Rhode Island news
Route 95 bridge further restricted
07:42 AM EDT on Thursday, May 8, 2008
PROVIDENCE — The state Department of Transportation yesterday reduced the weight limit on the Route 95 bridge across the Pawtucket River for the second time because continued deterioration of major structural elements has further reduced its capacity.
Kazem Farhoumand, the DOT’s acting chief engineer, said that the bridge remains safe and that the weight limit, reduced to 18 tons from 22 tons, has been changed to head off more deterioration, not because of a threat of collapse.
“If a truck that’s 19 or 20 tons goes over it, it doesn’t mean it’s going to cause major damage,” he said. He also said the DOT may repair the beams whose deterioration prompted the new weight limit.

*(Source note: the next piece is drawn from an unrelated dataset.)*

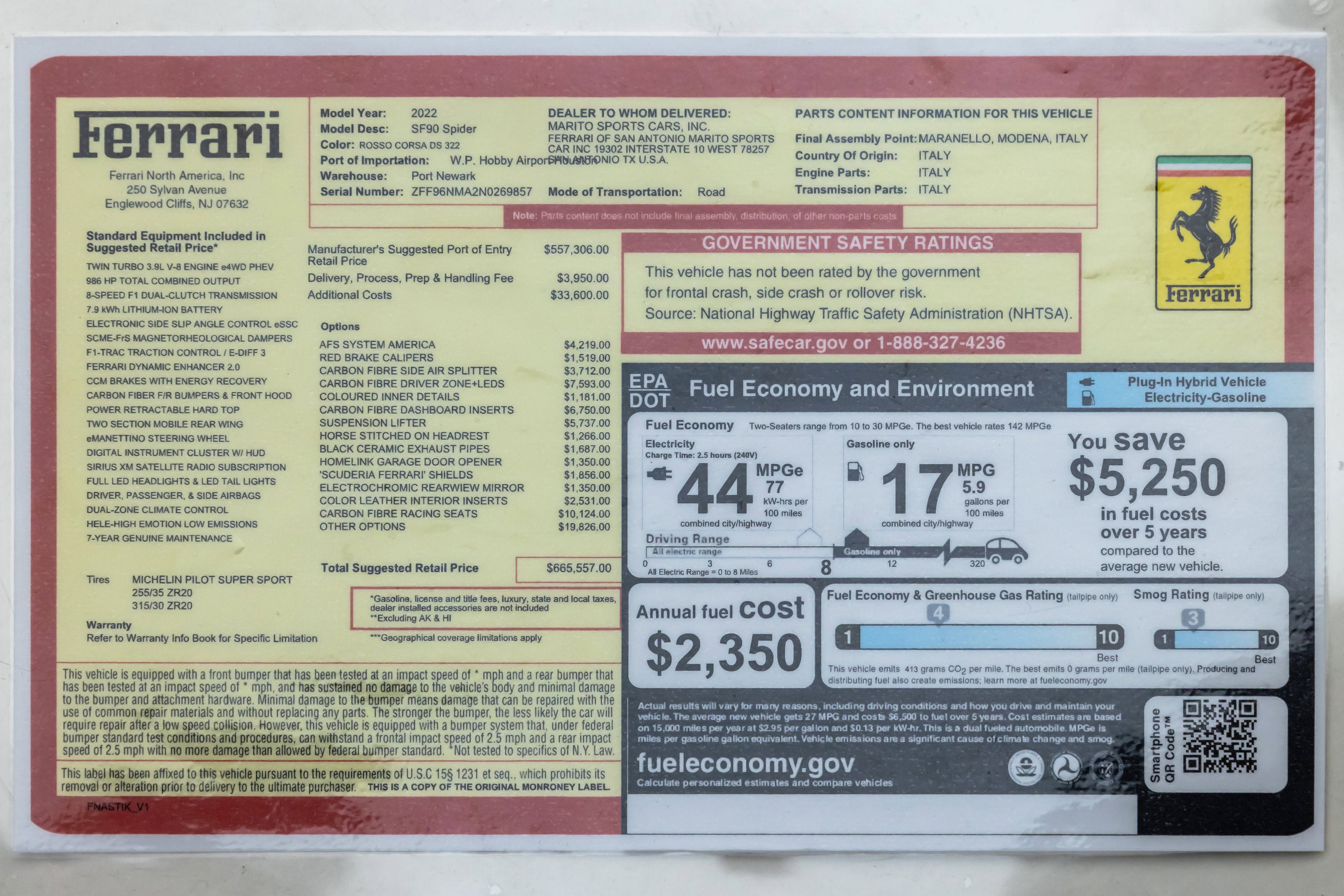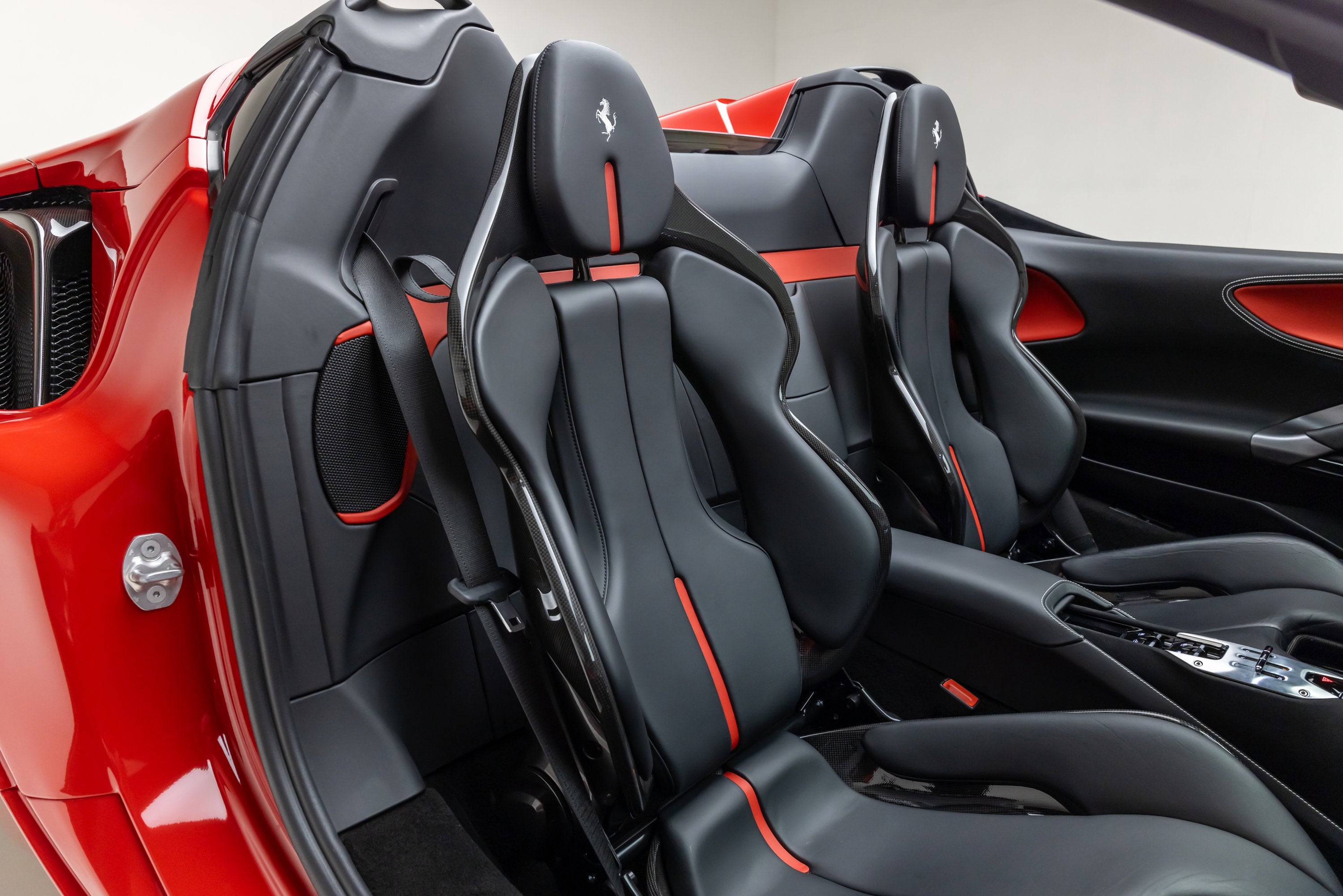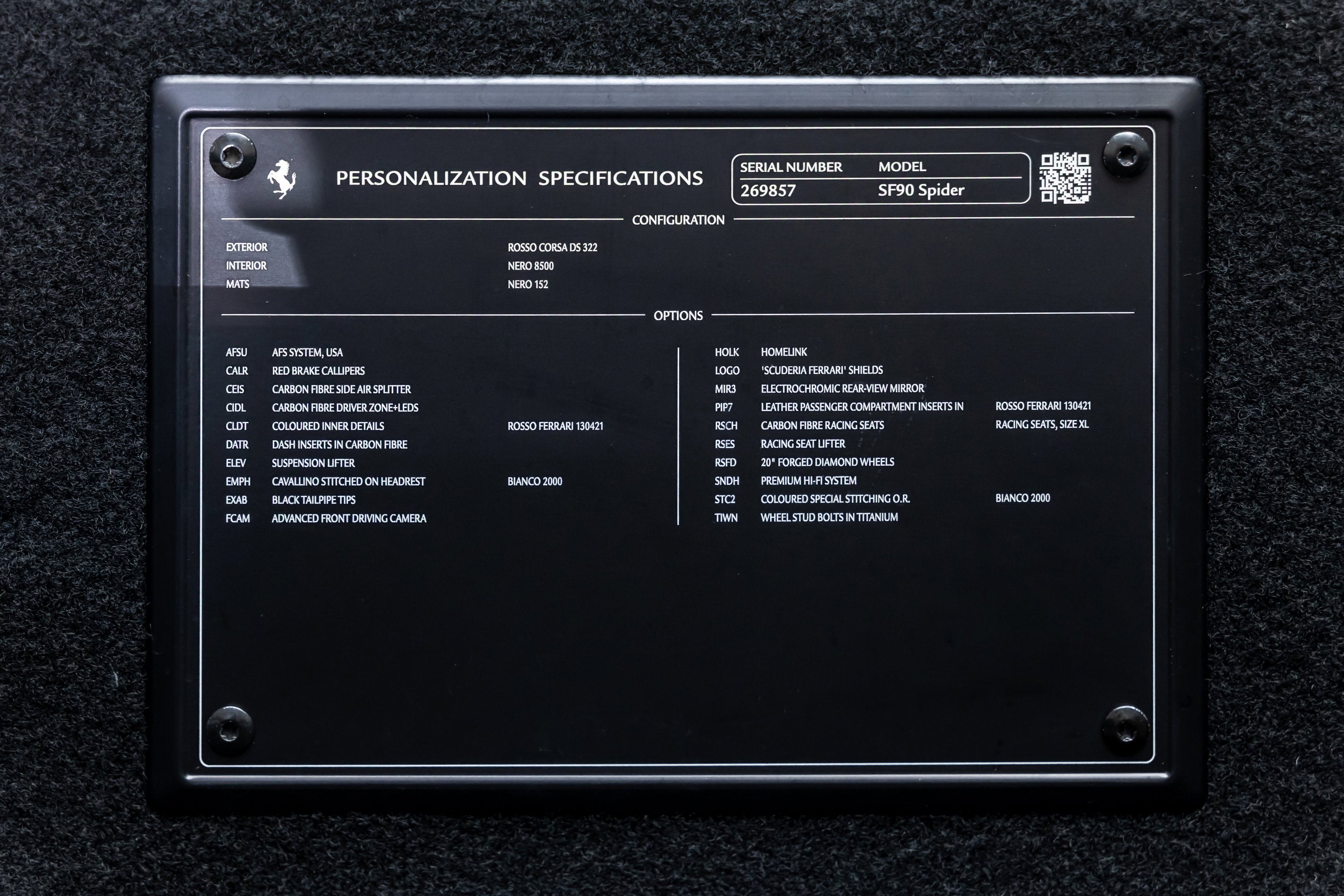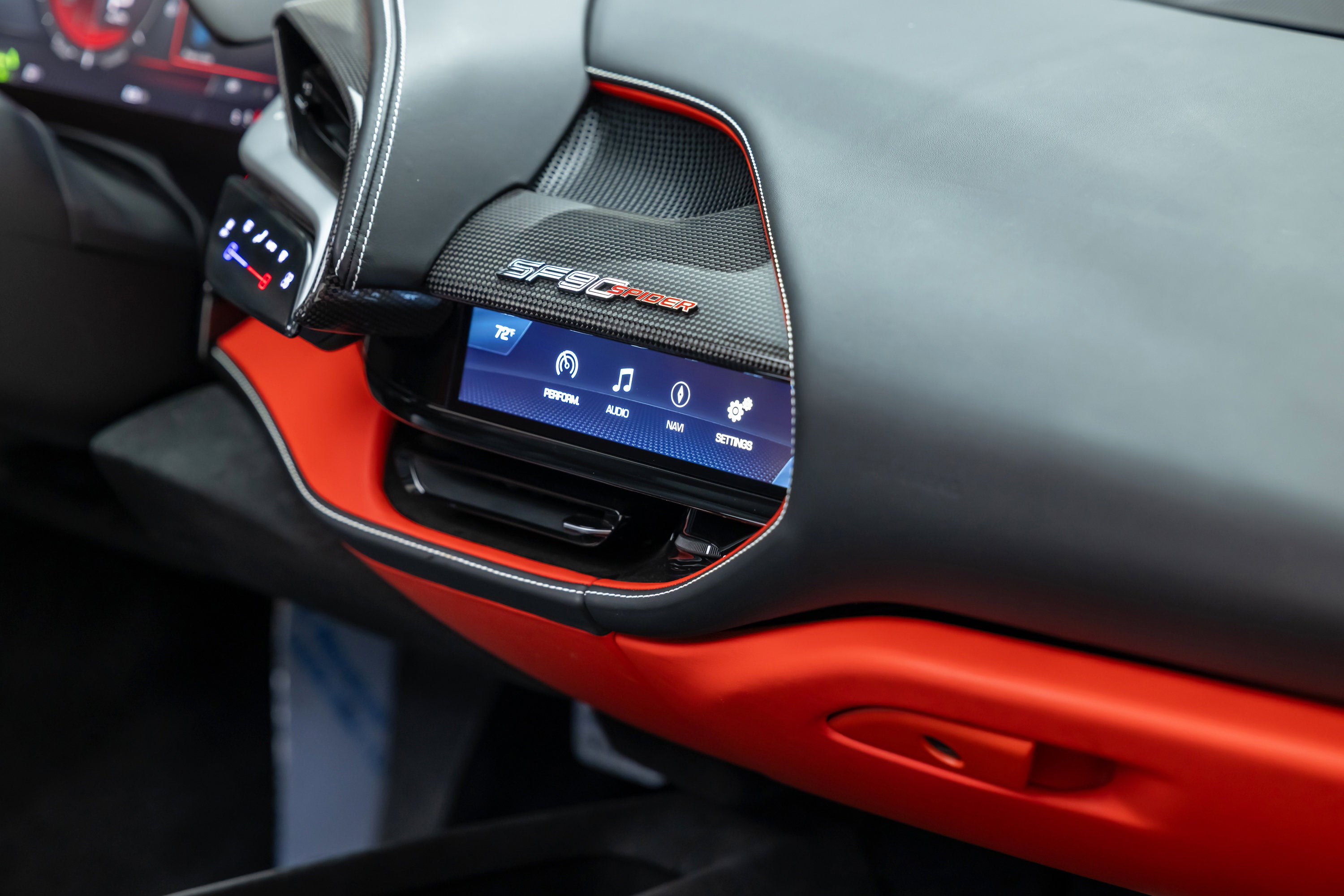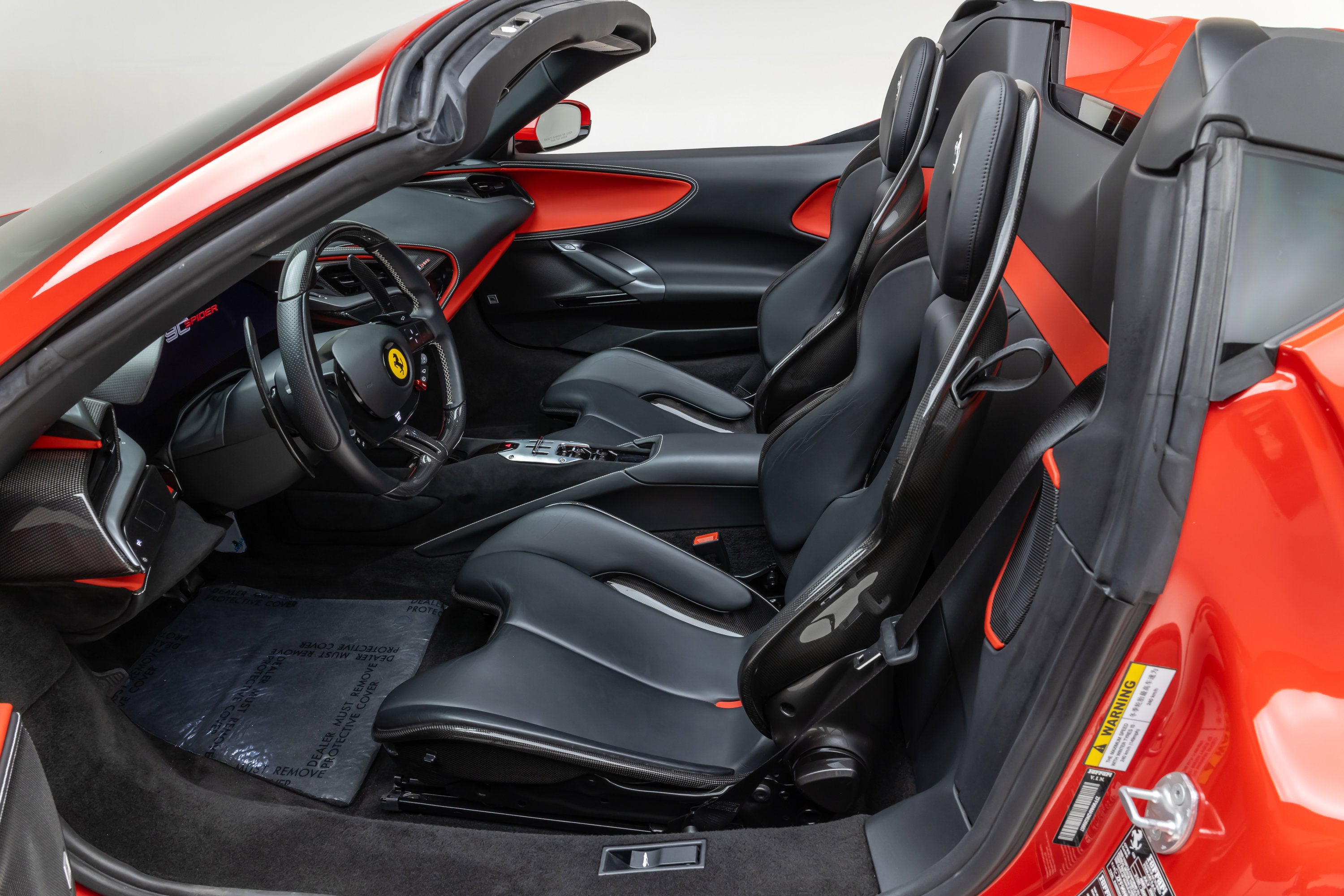 ===== 2022 Ferrari SF90 Spider ===== Rosso Corsa over Nero 2,849 Miles | VIN: ZFF96NMA2N0269857 Finished in Rosso Corsa over Nero, this 2022 Ferrari SF90 Spider presents a highly desirable and performance-focused specification with just 2,849 miles. Combining Ferrari's flagship hybrid technology with open-top driving, this example is equipped with extensive carbon fiber options and key driver-focused features that enhance both performance and visual presence. The cabin is trimmed in Nero leather, complemented by carbon fiber driver zone elements and racing seats, creating a purposeful and driver-centric interior environment. ==== Factory Options & Highlights (from window sticker) ==== * Carbon Fiber Racing Seats * Carbon Fiber Driver Zone with LEDs * Carbon Fiber Dashboard Inserts * Suspension Lifter Additional features include:

Farhoumand said the reduction is in response to inspection results received last week that found increased deterioration of three steel floor beams. DOT officials met Tuesday with agency consultants and Federal Highway Administration officials and decided to impose the new weight limit, he said.
Farhoumand said it’s possible that some loaded school buses might reach the new limit, and in that case, “I would take the detour.” He offered to arrange to have buses weighed by the state police, who enforce the weight limit, if school officials want, “to put everybody’s mind at ease.”
John DiTomasso, assistant administrator at the state Division of Motor Vehicles, said he thinks it’s “highly unlikely” that school buses will exceed the 18-ton limit, and that relatively few school buses use the bridge. Also, he said, some models are lighter than others. If buses approach the limit, he said, school transportation officials can probably use lighter bus models for field trips to Boston, for example, rather than take a detour.
The bridge is actually two separate bridges, one carrying northbound traffic and the other southbound. Their superstructures are based on four steel main girders running parallel to traffic, one at each edge of each of the bridges. The floor beams, 35 on each bridge, run between the main girders, perpendicular to traffic.
Other, smaller beams run lengthwise on top of the floor beams and directly support the concrete deck.
David W. Fish, the DOT’s managing engineer for bridge engineering, said that two of the problem floor beams are on the southbound side, and that the inspection showed their capacity reduced to 18 tons. The other one, on the northbound side, is rated at 20 tons, he said.
Farhoumand said that having trucks heavier than the weight limit cross the bridge won’t cause an immediate problem. The trouble, he said, is that “if people continue doing that, over time it’s going to cause more damage,” reducing the bridge’s capacity and causing events like yesterday’s.
The DOT’s strategy, officials have said, is to keep inspecting the bridge, respond to problems as they emerge, and try to keep it operating at an acceptable capacity as cheaply as possible until it can be replaced.
“We hope to get out there sometime next year to start the replacement,” Farhoumand said yesterday.
He said the current problems don’t apply to the bridge’s categorization as being “fracture-critical.” The term applies to the Pawtucket bridge because the failure of any of the four main girders could cause a collapse, since that would leave one edge of the deck entirely unsupported. But Farhoumand noted that the bridge’s immediate problems don’t affect those girders. The floor beams that are the problem are spaced more closely, 30 feet apart, and the failure of one of them wouldn’t cause a collapse, he said.
On the other hand, the bridge has many serious problems that the DOT has already made public, including beams with holes rusted through them, sections of beams entirely rusted away and a deck that sounds hollow when you hit it in some places. That suggests that the concrete is coming apart, according to an inspection report the DOT made public in December.
When it first imposed a weight limit in November, the DOT also permanently closed a northbound entrance ramp onto the bridge, installed steel brackets to help support the far-right lane northbound where it forms the deceleration lane for the School Street exit and installed a temporary steel column to help hold up that section of the bridge. It also shifted traffic away from the bridges’ edges in both directions.
The DOT has also asked the General Assembly for authority to ban all vehicles with three or more axles. It said that’s needed because overweight trucks continue to use the bridge despite the weight limit and because of the difficulty of enforcing a limit that affects many trucks when they are full but not when they are empty. Where imposing a significant fine now requires weighing a truck to prove it is overweight, it’s easy to see how many axles a vehicle has.
Farhoumand said that he does not expect a large impact on truck traffic, and that the detours, routed through city streets when the DOT imposed the weight limit in November, are working well. The DOT has also been directing through truck traffic around the bridge, using routes 146 and 295.
Built in 1958 as part of the original interstate highway system, the bridge carries an estimated 162,000 vehicles per day.